102 Par ailleurs, ainsi qu’il ressort de la jurisprudence rappelée au point 37 ci-dessus, dans une décision qui porte sur un régime d’aides, la Commission n’est pas tenue d’effectuer une analyse de l’aide octroyée dans chaque cas individuel sur le fondement d’un tel régime.
103 En l’espèce, la décision attaquée satisfait à ces exigences, puisque, aux considérants 207 à 211 de la décision attaquée, la Commission a bien fourni des explications relatives à la méthode de calcul des aides à récupérer. Ainsi, la Commission a indiqué qu’il y avait lieu de calculer le montant de l’impôt qui aurait dû être payé si l’exonération des bénéfices excédentaires n’avait pas été accordée, en tenant compte du montant de l’impôt épargné du fait de l’ensemble des décisions anticipées adoptées en faveur du bénéficiaire concerné et de l’intérêt cumulé sur ce montant, calculé à compter de la date d’octroi de l’aide, à savoir la date à laquelle le montant épargné aurait dû être acquitté, pour chaque exercice fiscal, en l’absence de décision anticipée. En outre, des précisions étaient incluses pour effectuer les ajustements correspondant aux différentes déductions applicables. Enfin, il y était fait état du fait que le montant à récupérer pouvait encore être précisé, par la suite, lors des échanges entre le Royaume de Belgique et la Commission.
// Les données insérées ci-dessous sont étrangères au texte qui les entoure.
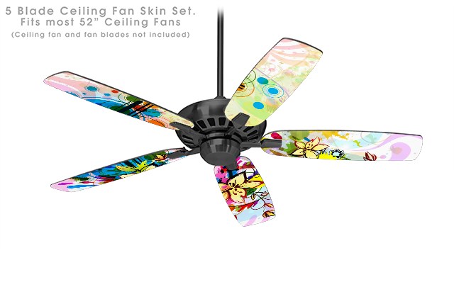 Floral Splash - Ceiling Fan Skin Kit fits most 52 inch fans (FAN and BLADES SOLD SEPARATELY)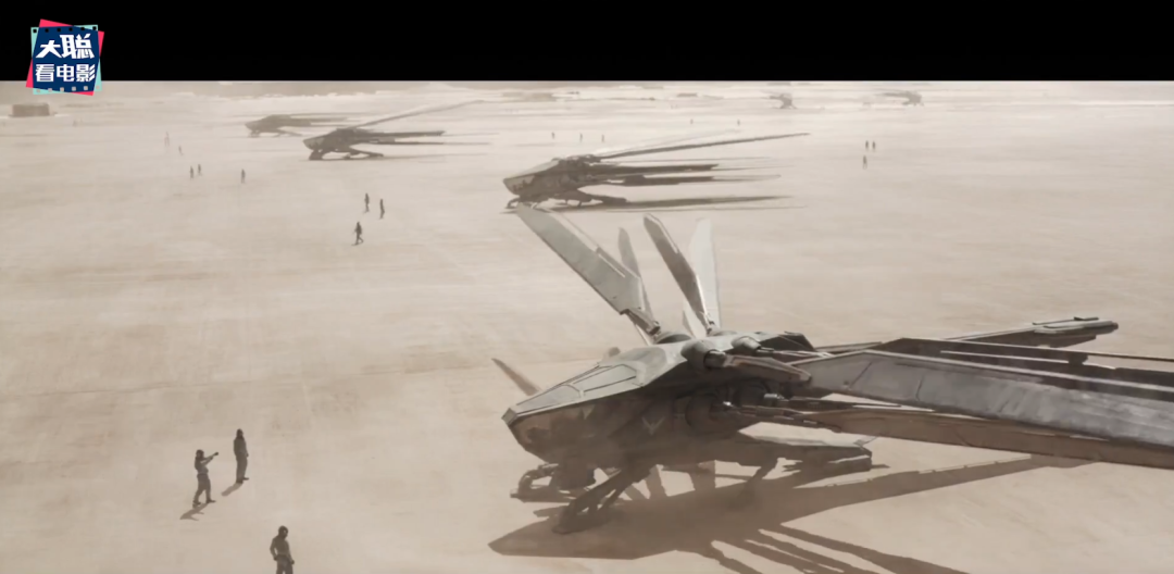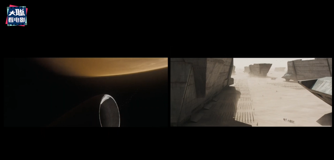 拿一个简单的例子来说好了,影片中巨型物体很多,如何把物体呈现最大化,大家都知道用对比,以人对比沙虫,以人对比飞船,但维伦纽瓦先用星球上空的巨型空间飞船对比降落舱,降落舱再对比人,如此交错对比,我们就可以脑补宇宙空间的那个庞然大物。

104 Par ailleurs, contrairement à ce qu’affirme la Commission dans la duplique, au regard de la jurisprudence exposée au point 51 ci-dessus, l’argument de la requérante selon lequel la Commission n’identifierait pas l’avantage, puisqu’elle n’aurait examiné que la seconde étape du calcul des bénéfices excédentaires, ne constitue pas un moyen nouveau, mais tout au plus l’ampliation du quatrième moyen, tel qu’il est énoncé dans la requête introductive d’instance, présentant un lien étroit avec celui-ci. Néanmoins, un tel argument doit être écarté comme étant non fondé, dès lors que, ainsi qu’il a déjà été constaté au point 33 cidessus, aux fins de son analyse de l’existence d’un avantage, la Commission a tenu compte du régime en cause dans son ensemble ainsi que du fait que, à l’issue de l’application de ce régime, les entités belges étaient imposées sur un bénéfice moyen hypothétique.
105 Pour ces motifs, il y a lieu d’écarter le quatrième moyen.
106 Tous les moyens soulevés par la requérante ayant été écartés, il y a lieu de rejeter le recours dans son ensemble.
Sur les dépens
107 Aux termes de l’article 134, paragraphe 1, du règlement de procédure, toute partie qui succombe est condamnée aux dépens, s’il est conclu en ce sens. La requérante ayant succombé, il y a lieu de la condamner à supporter, outre ses propres dépens, ceux exposés par la Commission, conformément aux conclusions de cette dernière.
Par ces motifs,
LE TRIBUNAL (deuxième chambre élargie)
déclare et arrête :
1) Le recours est rejeté.
2) Victaulic Europe supportera, outre ses propres dépens, ceux exposés par la Commission européenne.